[Data for processing]
[Start of Attachment]
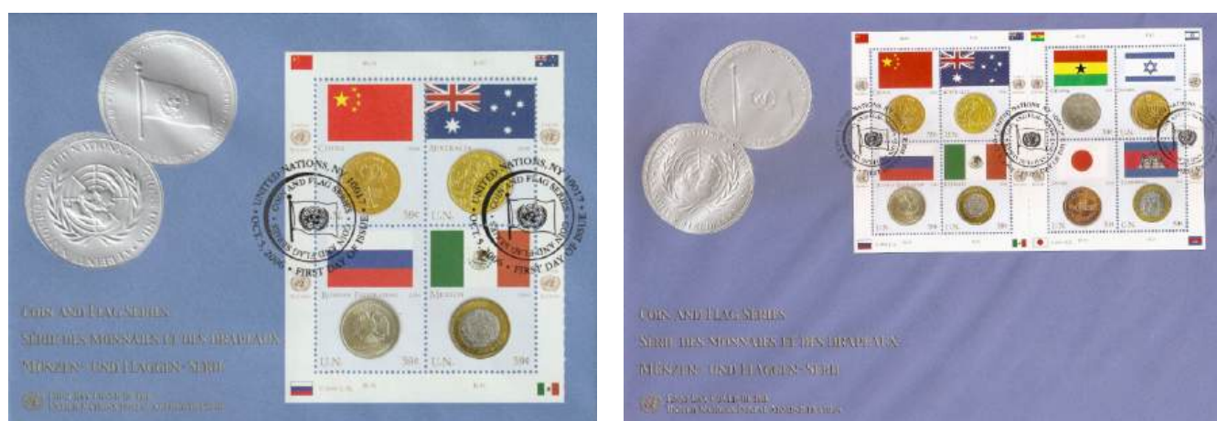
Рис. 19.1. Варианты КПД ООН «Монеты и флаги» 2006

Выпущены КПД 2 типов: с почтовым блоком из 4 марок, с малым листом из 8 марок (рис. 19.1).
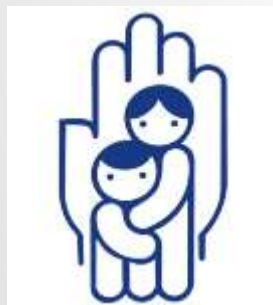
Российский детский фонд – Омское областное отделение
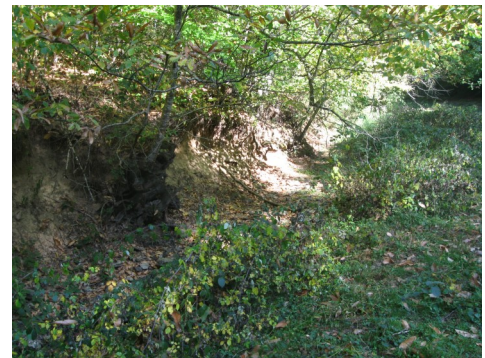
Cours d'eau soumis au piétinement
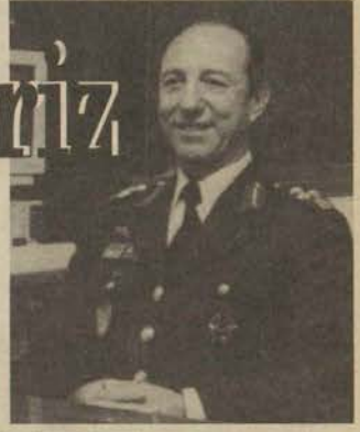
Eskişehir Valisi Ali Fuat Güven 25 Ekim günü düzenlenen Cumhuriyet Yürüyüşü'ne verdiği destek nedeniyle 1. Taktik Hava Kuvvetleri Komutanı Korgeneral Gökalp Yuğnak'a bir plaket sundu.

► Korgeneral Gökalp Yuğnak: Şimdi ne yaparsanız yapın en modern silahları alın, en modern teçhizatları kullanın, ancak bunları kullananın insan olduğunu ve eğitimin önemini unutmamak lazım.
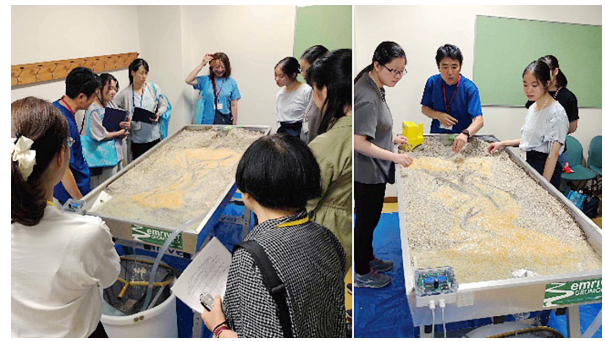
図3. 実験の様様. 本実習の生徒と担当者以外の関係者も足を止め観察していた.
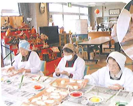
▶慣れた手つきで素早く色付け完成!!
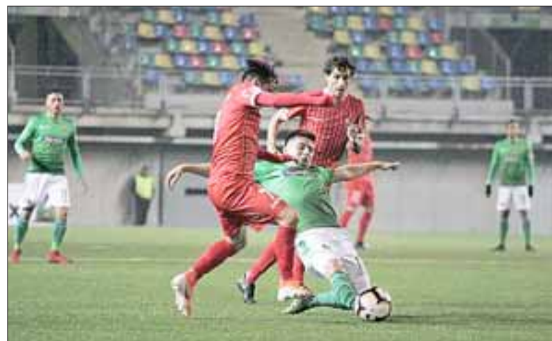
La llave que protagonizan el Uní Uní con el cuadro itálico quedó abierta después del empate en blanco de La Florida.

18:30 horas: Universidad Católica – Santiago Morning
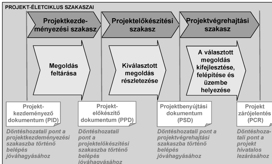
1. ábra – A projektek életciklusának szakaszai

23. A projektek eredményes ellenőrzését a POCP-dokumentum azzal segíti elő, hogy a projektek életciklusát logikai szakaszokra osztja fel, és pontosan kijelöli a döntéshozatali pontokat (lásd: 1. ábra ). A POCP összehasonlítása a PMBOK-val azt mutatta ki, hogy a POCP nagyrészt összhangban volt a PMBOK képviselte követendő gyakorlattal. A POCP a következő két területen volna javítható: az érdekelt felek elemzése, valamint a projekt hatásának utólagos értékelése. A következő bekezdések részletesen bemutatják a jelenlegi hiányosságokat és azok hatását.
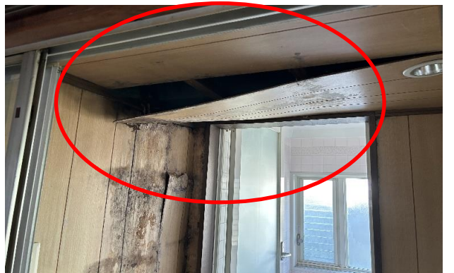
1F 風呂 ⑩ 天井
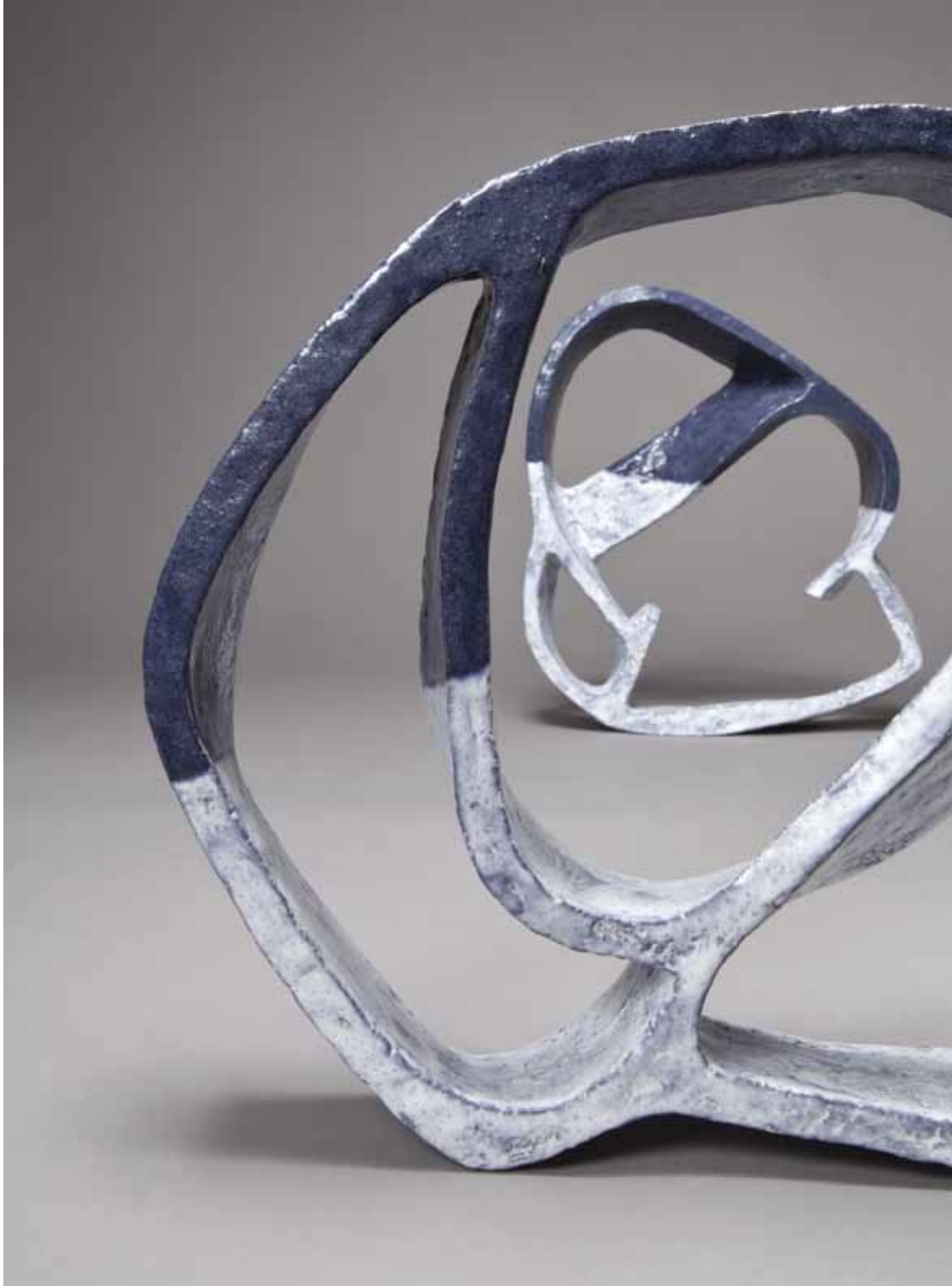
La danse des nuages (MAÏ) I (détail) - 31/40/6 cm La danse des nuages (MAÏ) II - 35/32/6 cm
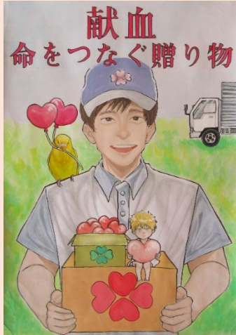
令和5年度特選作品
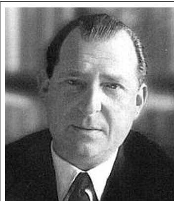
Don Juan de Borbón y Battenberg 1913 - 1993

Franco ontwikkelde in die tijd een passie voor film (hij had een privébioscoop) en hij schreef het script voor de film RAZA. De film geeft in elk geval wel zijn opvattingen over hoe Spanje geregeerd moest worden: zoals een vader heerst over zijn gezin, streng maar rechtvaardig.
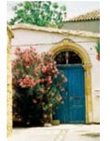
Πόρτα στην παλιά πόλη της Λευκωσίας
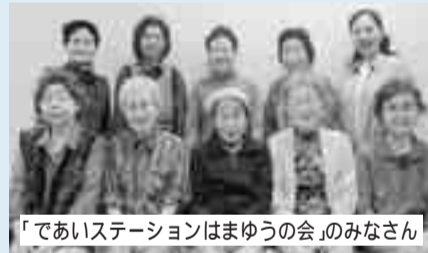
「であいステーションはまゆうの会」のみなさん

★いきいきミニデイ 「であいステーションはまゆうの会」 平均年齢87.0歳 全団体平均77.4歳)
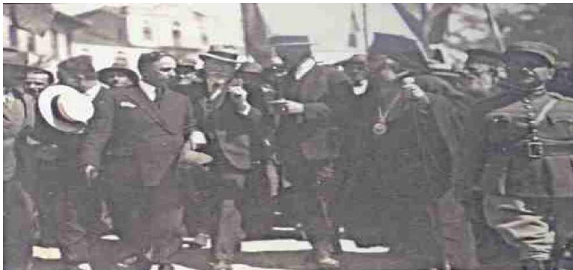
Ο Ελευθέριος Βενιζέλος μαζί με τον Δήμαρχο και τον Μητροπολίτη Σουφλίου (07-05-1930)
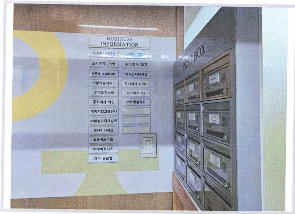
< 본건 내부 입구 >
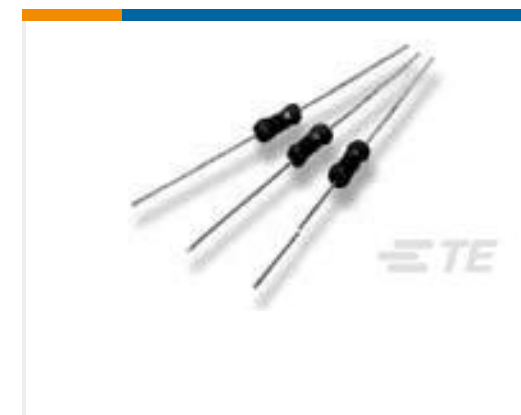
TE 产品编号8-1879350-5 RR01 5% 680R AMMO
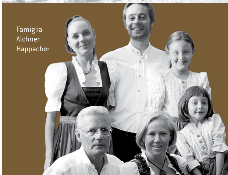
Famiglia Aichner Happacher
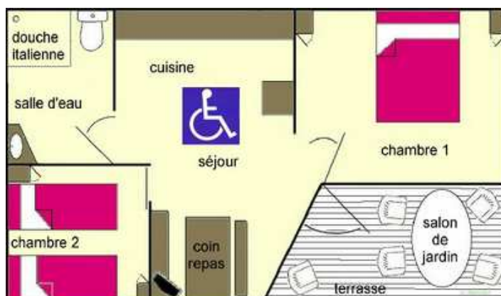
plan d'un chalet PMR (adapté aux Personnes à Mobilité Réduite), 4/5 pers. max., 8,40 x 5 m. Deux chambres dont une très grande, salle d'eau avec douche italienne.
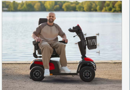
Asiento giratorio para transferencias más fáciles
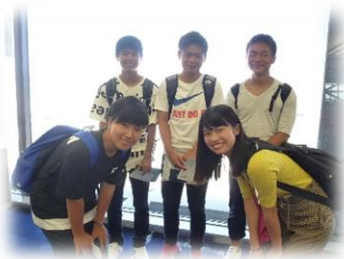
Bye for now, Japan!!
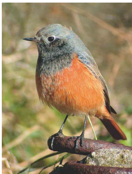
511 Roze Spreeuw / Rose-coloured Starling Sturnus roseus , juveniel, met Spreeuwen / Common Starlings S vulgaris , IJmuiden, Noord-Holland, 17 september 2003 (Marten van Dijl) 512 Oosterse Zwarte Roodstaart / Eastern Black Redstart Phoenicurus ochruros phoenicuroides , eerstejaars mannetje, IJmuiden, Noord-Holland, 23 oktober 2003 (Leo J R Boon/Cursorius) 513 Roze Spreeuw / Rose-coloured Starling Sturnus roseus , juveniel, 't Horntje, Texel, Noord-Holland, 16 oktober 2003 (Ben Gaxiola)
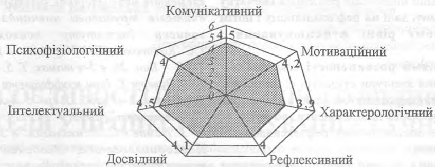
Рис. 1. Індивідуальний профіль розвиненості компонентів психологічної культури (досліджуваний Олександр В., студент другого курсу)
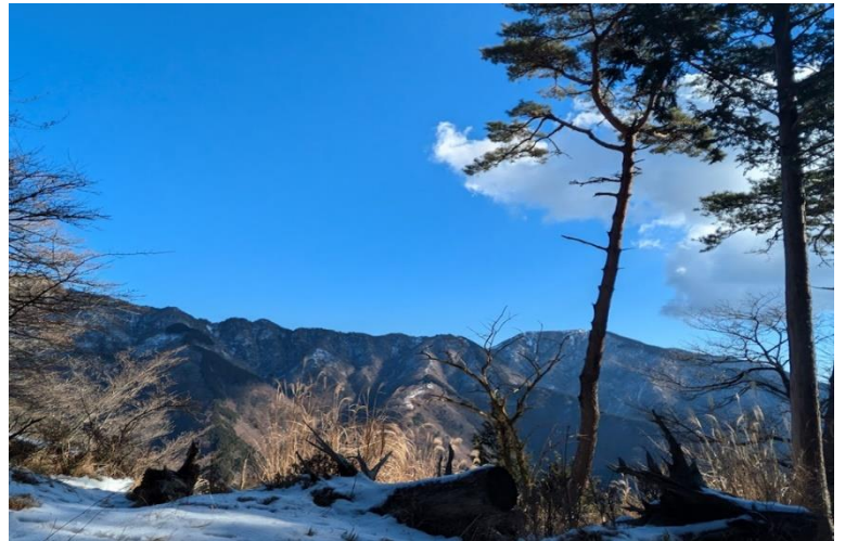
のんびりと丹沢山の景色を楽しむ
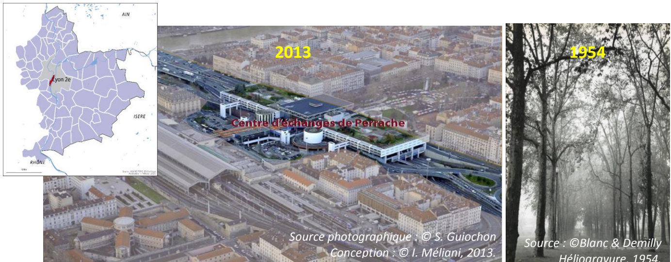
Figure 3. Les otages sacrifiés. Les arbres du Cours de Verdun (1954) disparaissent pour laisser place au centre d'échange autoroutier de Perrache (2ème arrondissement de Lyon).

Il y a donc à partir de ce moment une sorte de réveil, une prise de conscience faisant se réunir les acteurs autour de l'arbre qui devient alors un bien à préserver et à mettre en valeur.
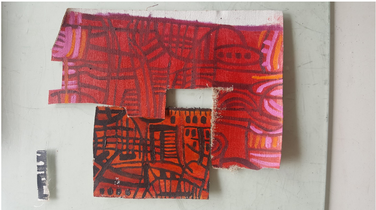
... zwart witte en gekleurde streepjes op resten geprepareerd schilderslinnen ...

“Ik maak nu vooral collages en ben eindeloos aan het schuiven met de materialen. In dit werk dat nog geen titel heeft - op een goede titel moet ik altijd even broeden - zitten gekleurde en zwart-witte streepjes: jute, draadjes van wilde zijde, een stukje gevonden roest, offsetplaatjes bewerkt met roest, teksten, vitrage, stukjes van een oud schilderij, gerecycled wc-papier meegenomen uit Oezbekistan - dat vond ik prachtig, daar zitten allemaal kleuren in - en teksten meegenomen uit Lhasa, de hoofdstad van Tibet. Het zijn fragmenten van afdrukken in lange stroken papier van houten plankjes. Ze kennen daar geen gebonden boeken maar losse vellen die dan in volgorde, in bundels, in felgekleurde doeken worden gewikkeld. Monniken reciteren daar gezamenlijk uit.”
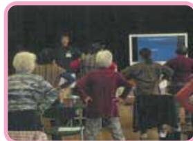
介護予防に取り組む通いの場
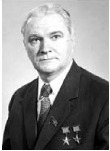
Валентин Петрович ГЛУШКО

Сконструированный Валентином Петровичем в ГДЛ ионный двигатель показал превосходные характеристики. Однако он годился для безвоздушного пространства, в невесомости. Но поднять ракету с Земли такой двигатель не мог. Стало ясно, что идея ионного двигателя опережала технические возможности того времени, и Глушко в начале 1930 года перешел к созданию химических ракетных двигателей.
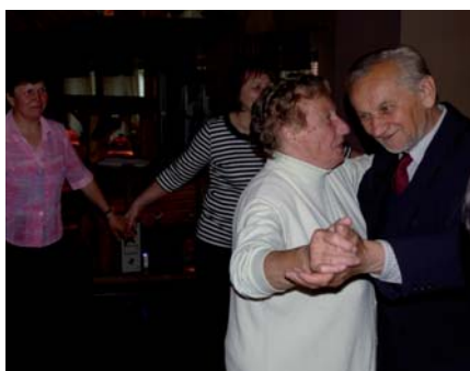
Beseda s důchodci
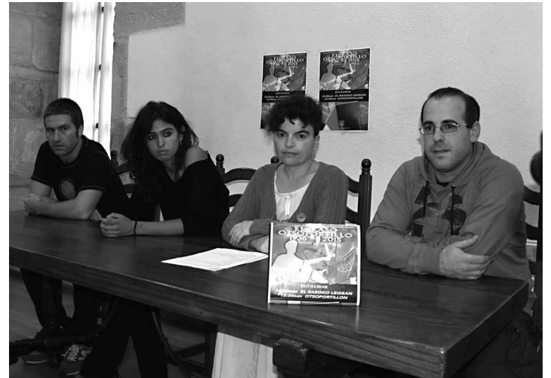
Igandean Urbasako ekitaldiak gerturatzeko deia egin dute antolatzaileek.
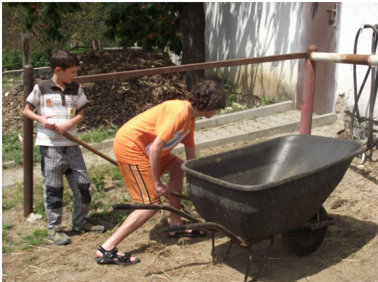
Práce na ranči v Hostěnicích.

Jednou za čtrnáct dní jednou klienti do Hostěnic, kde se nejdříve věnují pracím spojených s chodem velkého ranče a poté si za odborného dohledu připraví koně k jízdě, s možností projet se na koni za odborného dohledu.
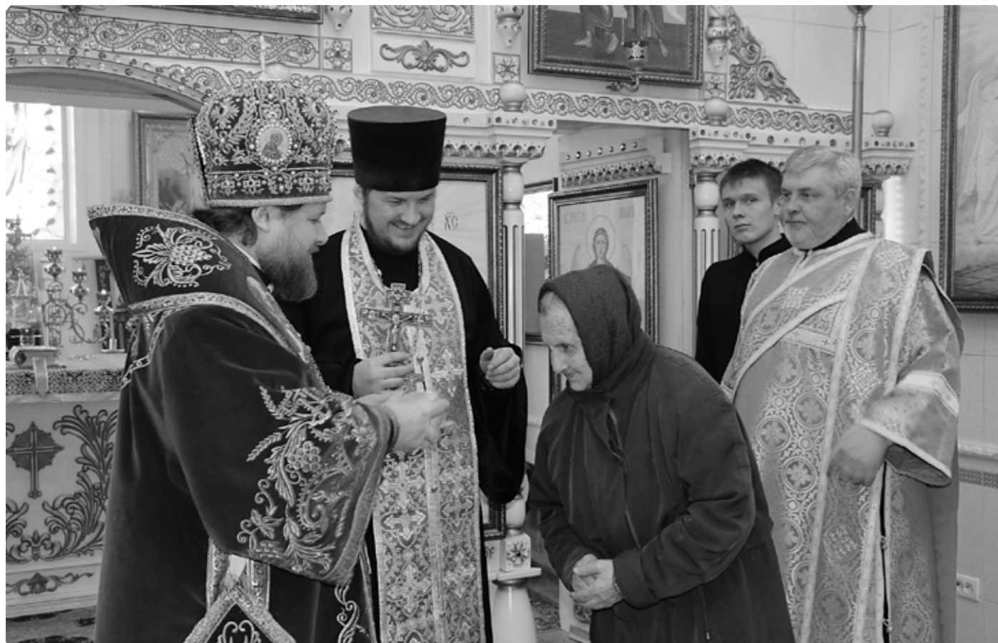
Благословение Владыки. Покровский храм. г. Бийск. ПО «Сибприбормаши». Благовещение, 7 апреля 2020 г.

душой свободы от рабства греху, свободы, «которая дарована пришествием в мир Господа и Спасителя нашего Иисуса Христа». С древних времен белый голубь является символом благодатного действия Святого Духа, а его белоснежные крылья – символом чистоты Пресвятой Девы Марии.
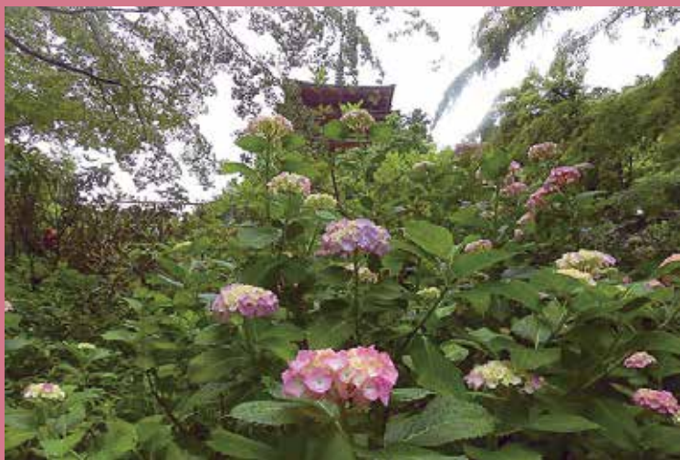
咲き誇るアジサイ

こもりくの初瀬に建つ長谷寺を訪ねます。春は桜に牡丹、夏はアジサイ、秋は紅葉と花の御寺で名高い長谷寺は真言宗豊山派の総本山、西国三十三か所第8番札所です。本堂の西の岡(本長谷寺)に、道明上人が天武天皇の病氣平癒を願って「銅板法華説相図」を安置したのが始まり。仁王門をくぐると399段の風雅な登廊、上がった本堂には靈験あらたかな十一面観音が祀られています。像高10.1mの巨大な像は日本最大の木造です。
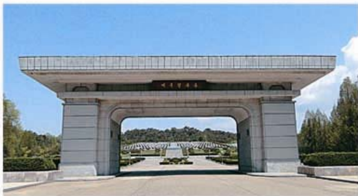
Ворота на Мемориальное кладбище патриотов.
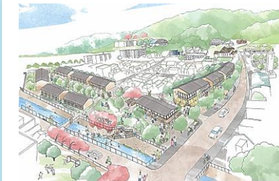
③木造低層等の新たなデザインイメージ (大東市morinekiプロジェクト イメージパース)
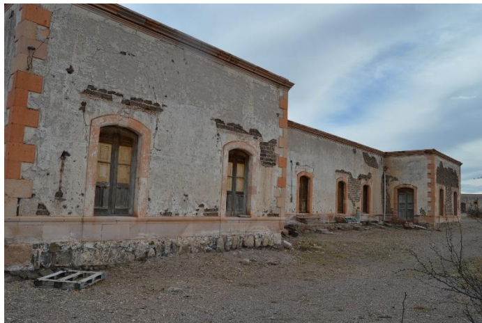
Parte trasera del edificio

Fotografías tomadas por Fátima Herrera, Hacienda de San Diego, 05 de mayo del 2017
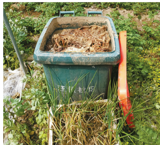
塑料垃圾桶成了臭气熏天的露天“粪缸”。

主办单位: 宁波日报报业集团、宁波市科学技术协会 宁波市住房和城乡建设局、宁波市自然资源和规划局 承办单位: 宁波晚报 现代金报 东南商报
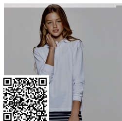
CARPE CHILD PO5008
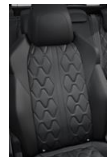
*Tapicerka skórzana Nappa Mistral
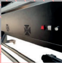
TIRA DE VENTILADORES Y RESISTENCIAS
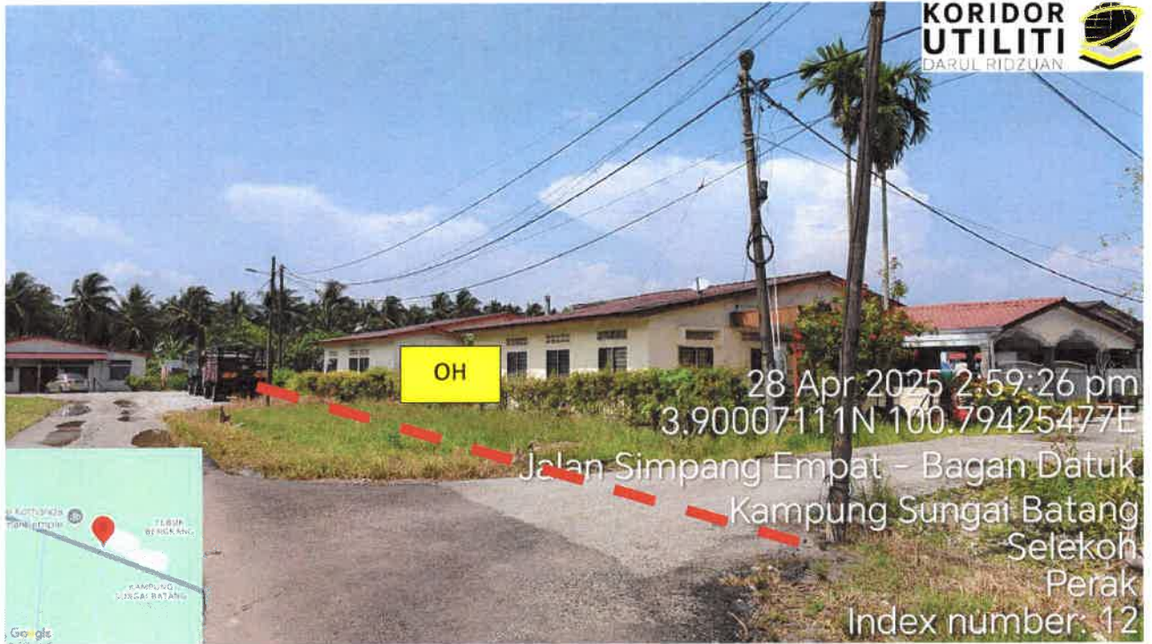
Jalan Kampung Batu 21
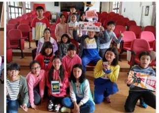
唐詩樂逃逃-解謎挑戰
[End of Attachment]
[Task objective] Using the entries above, transcribe exactly from the line that has "Figure 3. Les" through the line that has "geprepareerd schilderslinnen ...". Pictures are dropped.

[Completed exercise]
Figure 3. Les otages sacrifiés. Les arbres du Cours de Verdun (1954) disparaissent pour laisser place au centre d'échange autoroutier de Perrache (2ème arrondissement de Lyon).

Il y a donc à partir de ce moment une sorte de réveil, une prise de conscience faisant se réunir les acteurs autour de l'arbre qui devient alors un bien à préserver et à mettre en valeur.
... zwart witte en gekleurde streepjes op resten geprepareerd schilderslinnen ...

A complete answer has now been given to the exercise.